Independent skin and fat layers were fabricated identically for mechanical characterization. Samples were cut into dog bone shapes using an ASTM D638 Type V cutting die.

Electromechanical characterization

Rectangular sensor samples (10 × 64 mm) were cut from the sheet. Sensors were clamped into custom 3D-printed, sandpaper lined grips on a dynamic mechanical tester (Electroforce Testbench, TA, USA). The sensors were preloaded to 0.1 N and the cross-sectional area was measured by laser micrometers (IG-028, Keyence Corp., Japan). The distance between thread electrode tips was taken as the gage length and was measured with calipers. Alternating square waves with an amplitude of ±2 V and a frequency of 50 Hz were applied by an impedance analyzer (VersaSTAT 3, Ametek, USA), and the resulting current was measured at a sampling rate of 500 Hz. The impedance analyzer was used to measure the electrical resistance of the third sensor located above the Y junction in the Y/V plasty demonstration.

The sensors first underwent a dynamic cyclic test with ten cycles at 0.05 Hz to 50, 100, 150, 200, 150, 100, and 50% strain, for a total of 70 cycles. This was immediately followed by a ramp to failure at 1% strain per second. Resistance vs. time results were consolidated by taking the mean resistance value of a combined negative and positive pulse (total duration of 0.04 s), and the results were synchronized manually to extrapolated strain vs. time results recorded from the dynamic mechanical tester. All results were smoothed with a 20-point adjacent-averaging smoothing routine.

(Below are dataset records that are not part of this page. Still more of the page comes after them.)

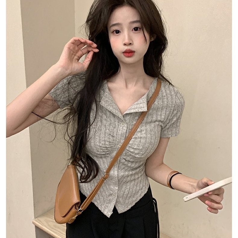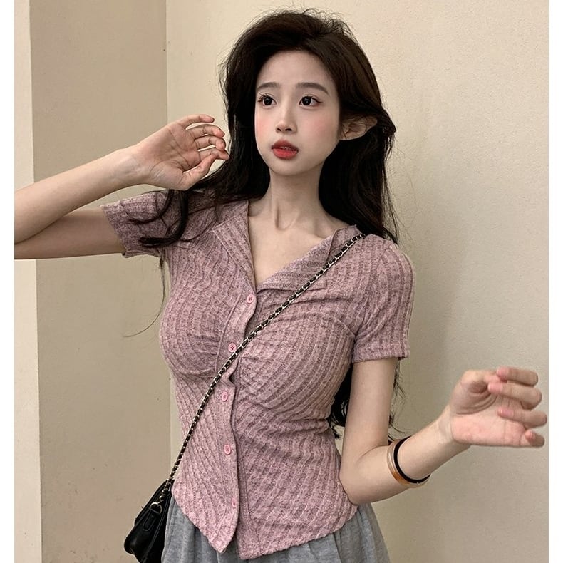 タイトなシルエットがセクシーなリブ入りのニットソーです。半袖のクルーネックデザインで、スリムなシルエットが女性らしさを引き立てます。前開きには可愛らしいボタンがアクセントとなり、ヴィンテージ感漂うデザインは大人可愛いスタイリングにぴったり!フェミニンな雰囲気を漂わせつつ、シンプルで上品な着こなしをお楽しみいただけます。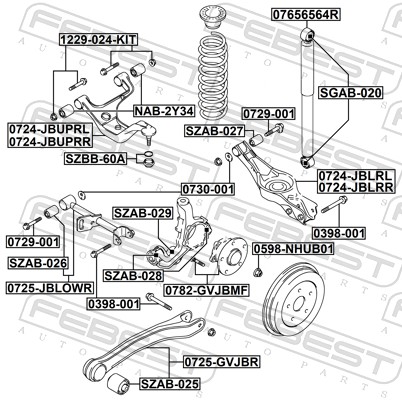 FEBEST Lagerung, Lenker SZAB-053 hinten rechts links für SUZUKI NISSAN 46300-83E10 46300-83EA0 46320-80010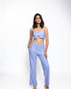 A sleek and playful co-ord in a serene periwinkle tone. The cropped bustier top with a signature front cut-out pairs effortlessly with straight-fit trousers, making it your go-to look for day-to-night dressing.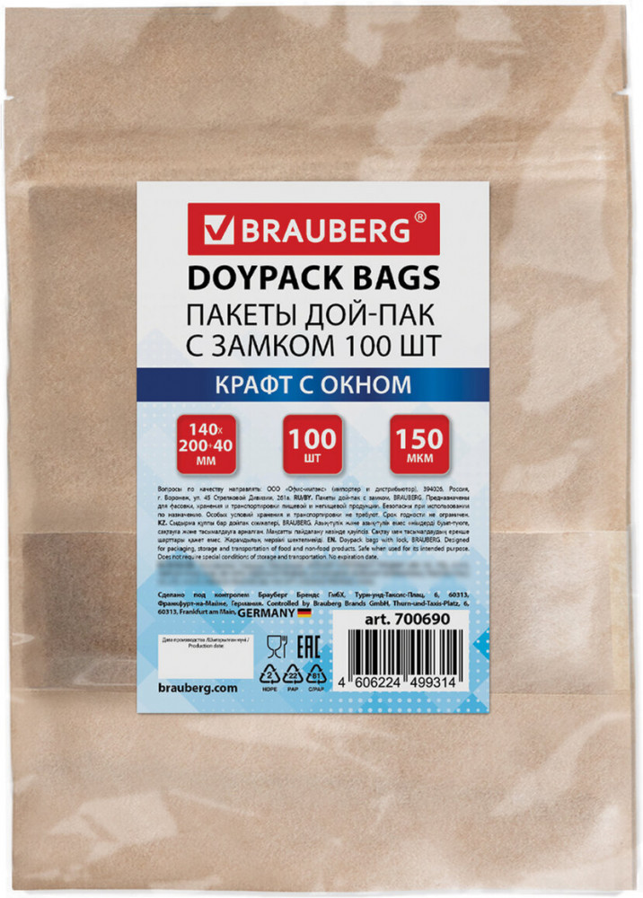 💳 Оплатить за товар можно при получении 🇰🇿 Есть бесплатная доставка по Казахстану 🎁 Копите бонусы с каждой покупки Пакеты Дой-Пак BRAUBERG это современное решение для хранения и транспортировки разных продуктов. Благодаря устойчивому дну, герметичной застежке и компактному дизайну, они сочетают удобство использования, сохранение свежести и привлекательный внешний вид. Пакеты Дой-Пак BRAUBERG — современный формат упаковки, идеально подходящий для хранения и транспортировки самых разных продуктов: крупы, орехи, сладости, чай, кофе и пр. Пакеты Дой-Пак имеют эргономичный дизайн и занимают минимум места. Застежка ZIP LOCK позволяет герметично закрыть пакет и защитить содержимое от влаги, воздуха и загрязнений. Пакет выполнен снаружи выполнен из крафт бумаги, внутри из прозрачного полиэтилена, имеет окошко 50×140 мм для идентификации содержимого пакета. Оцените преимущество пакетов Дой-Пак BRAUBERG и сделайте ваш продукт удобнее, практичнее и привлекательнее. |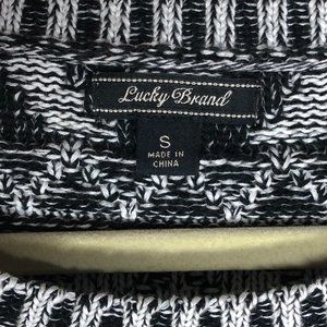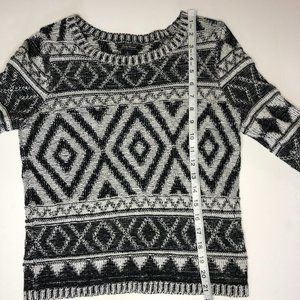 Women's Lucky Brand Jacquard Black & White Geo Print Cotton Long Sleeve Sweater - SZ SM

The mechanical properties of independent skin and fat layers were characterized with a uniaxial tensile test performed at two different strain rates: 0.16 mm/s (quasistatic) and 3.0 mm/s (dynamic). Samples were strained either to failure or the maximum range of the dynamic mechanical tester (150 mm). The fat layer results were smoothed with a 5-point adjacent-averaging smoothing routine.

Sensor fabrication for sensor stability study

A clear skin layer was prepared, and 12 25-mm-long PEG-based organogel lines were dispensed using a 3D printer as described in Section 4.2. Then, conductive thread electrodes were placed directly into each line as described in Section 4.3. Then, the sensors were encapsulated using a clear skin layer of PDMS as described previously. The resistance of one sensor was continuously measured at 100 Hz with an LCR meter (LCR-600, Global Specialties) during the entire encapsulation process (Supplementary Movie 2), and the first ten minutes and last 5 seconds of the 60-minute encapsulation process were recorded with a video camera (iPhone 11 Pro, Apple).